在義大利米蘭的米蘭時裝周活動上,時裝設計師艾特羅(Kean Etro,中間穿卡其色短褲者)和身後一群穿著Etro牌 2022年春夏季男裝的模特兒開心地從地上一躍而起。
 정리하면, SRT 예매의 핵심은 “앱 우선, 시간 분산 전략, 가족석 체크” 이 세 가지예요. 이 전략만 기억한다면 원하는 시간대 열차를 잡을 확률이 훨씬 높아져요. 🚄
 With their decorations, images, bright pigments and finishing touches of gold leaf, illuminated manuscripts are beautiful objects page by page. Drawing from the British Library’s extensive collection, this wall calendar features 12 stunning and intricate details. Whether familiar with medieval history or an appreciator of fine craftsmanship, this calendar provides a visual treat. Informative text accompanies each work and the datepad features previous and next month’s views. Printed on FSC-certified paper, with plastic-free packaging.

==

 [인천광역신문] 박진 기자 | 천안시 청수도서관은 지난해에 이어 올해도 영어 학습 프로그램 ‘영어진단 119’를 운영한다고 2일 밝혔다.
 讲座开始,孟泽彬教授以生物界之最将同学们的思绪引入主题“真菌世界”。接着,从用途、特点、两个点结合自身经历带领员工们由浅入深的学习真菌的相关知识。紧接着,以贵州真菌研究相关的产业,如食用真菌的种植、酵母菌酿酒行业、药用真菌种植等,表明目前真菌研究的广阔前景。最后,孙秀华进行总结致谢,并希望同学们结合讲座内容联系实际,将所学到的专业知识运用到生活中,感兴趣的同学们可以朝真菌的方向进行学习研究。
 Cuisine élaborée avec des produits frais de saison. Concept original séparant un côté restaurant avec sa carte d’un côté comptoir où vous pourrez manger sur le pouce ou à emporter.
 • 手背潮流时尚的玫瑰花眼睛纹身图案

==

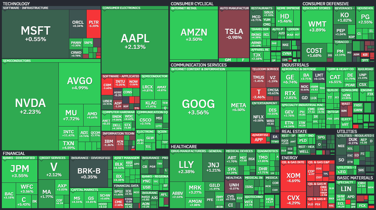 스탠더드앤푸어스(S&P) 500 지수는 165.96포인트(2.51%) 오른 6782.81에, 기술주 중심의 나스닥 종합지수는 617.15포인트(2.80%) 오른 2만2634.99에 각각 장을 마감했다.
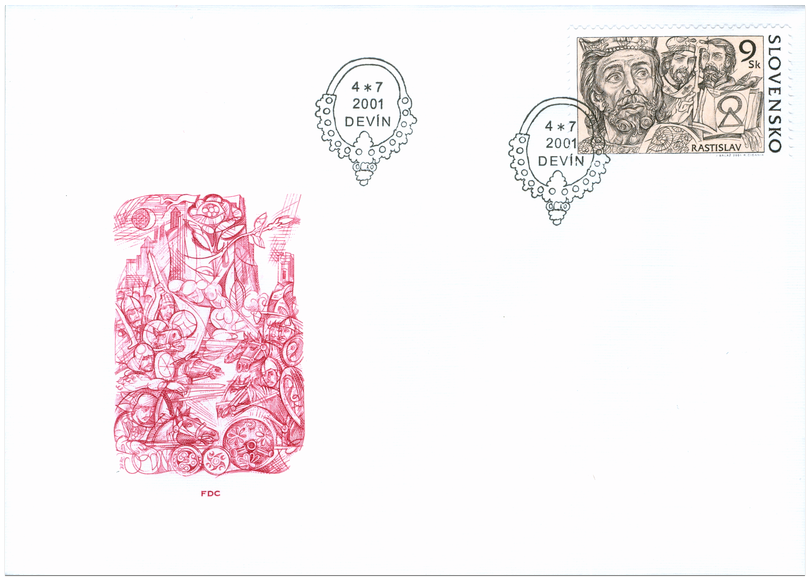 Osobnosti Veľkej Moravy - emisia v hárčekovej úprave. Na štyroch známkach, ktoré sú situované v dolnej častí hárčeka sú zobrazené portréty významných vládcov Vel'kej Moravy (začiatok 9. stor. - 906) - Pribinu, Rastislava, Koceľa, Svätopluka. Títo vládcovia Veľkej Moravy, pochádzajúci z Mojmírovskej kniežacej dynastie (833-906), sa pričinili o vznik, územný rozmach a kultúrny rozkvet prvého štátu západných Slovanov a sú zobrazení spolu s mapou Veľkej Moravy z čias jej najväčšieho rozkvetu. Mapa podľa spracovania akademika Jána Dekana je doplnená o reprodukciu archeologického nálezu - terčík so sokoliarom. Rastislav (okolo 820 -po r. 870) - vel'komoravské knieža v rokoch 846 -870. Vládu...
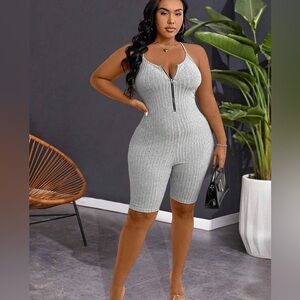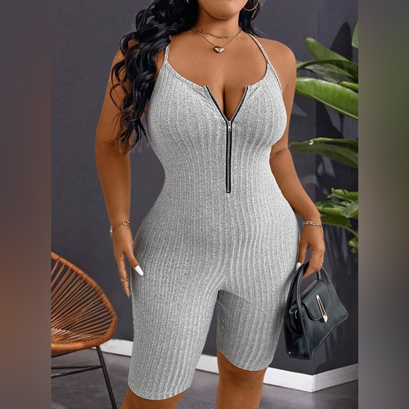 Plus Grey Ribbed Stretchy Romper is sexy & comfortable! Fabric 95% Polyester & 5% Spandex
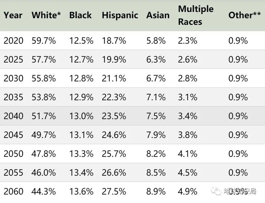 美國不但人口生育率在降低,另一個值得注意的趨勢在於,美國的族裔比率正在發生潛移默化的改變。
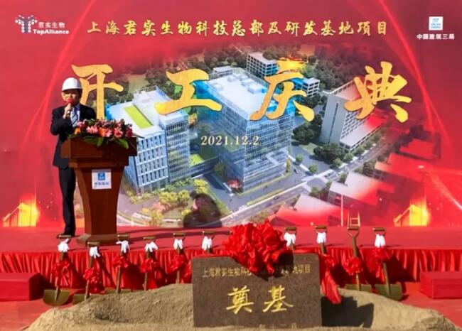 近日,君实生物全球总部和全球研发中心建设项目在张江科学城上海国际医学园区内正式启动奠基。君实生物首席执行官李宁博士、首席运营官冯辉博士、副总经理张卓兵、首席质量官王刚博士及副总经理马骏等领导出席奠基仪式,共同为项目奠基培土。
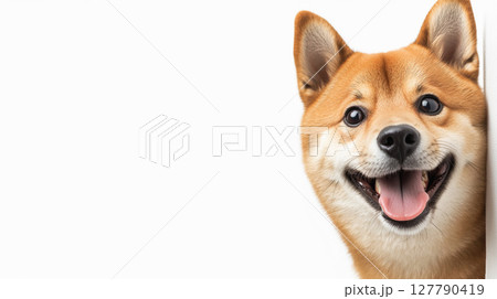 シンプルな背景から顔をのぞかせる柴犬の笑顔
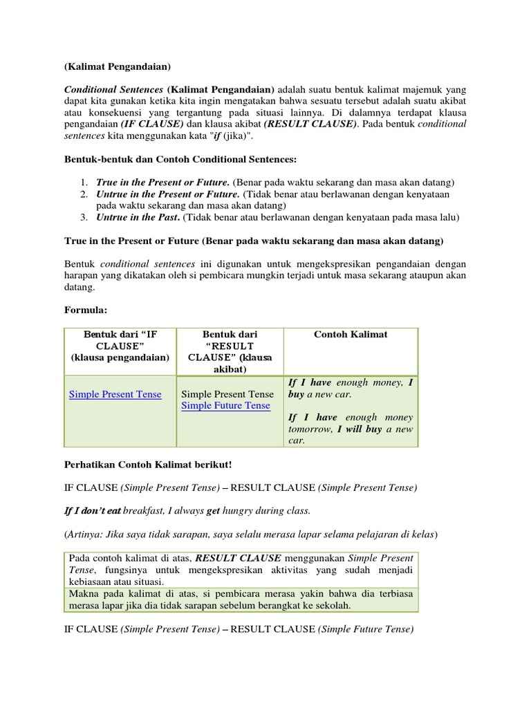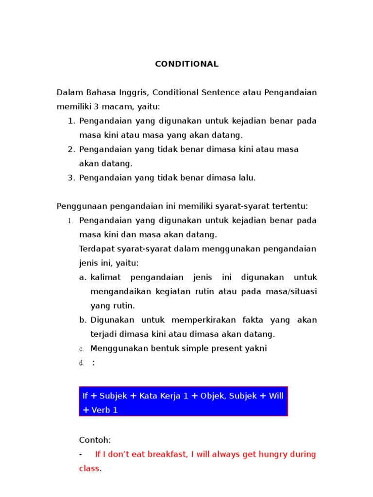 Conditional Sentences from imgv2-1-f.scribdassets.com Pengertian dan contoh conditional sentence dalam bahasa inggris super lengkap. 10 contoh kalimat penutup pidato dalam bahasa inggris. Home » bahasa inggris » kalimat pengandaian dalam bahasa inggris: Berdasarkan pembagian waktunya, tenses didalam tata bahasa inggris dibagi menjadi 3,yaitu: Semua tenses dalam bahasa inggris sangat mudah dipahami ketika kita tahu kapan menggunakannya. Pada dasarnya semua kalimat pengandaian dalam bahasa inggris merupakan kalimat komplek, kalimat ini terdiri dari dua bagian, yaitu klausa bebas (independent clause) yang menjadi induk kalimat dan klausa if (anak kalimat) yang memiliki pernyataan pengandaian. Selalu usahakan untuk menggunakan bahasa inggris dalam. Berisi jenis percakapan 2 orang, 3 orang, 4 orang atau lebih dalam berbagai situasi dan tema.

GOAL OF THE EXERCISE: Exercise for the records above: copy only the lines from the one with "シンプルな背景から顔をのぞかせる柴犬の笑顔" to the one with "Conditional Sentences from", both ends kept, and drop the pictures.

TASK RESULT:
 シンプルな背景から顔をのぞかせる柴犬の笑顔
 Conditional Sentences from imgv2-1-f.scribdassets.com Pengertian dan contoh conditional sentence dalam bahasa inggris super lengkap. 10 contoh kalimat penutup pidato dalam bahasa inggris. Home » bahasa inggris » kalimat pengandaian dalam bahasa inggris: Berdasarkan pembagian waktunya, tenses didalam tata bahasa inggris dibagi menjadi 3,yaitu: Semua tenses dalam bahasa inggris sangat mudah dipahami ketika kita tahu kapan menggunakannya. Pada dasarnya semua kalimat pengandaian dalam bahasa inggris merupakan kalimat komplek, kalimat ini terdiri dari dua bagian, yaitu klausa bebas (independent clause) yang menjadi induk kalimat dan klausa if (anak kalimat) yang memiliki pernyataan pengandaian. Selalu usahakan untuk menggunakan bahasa inggris dalam. Berisi jenis percakapan 2 orang, 3 orang, 4 orang atau lebih dalam berbagai situasi dan tema.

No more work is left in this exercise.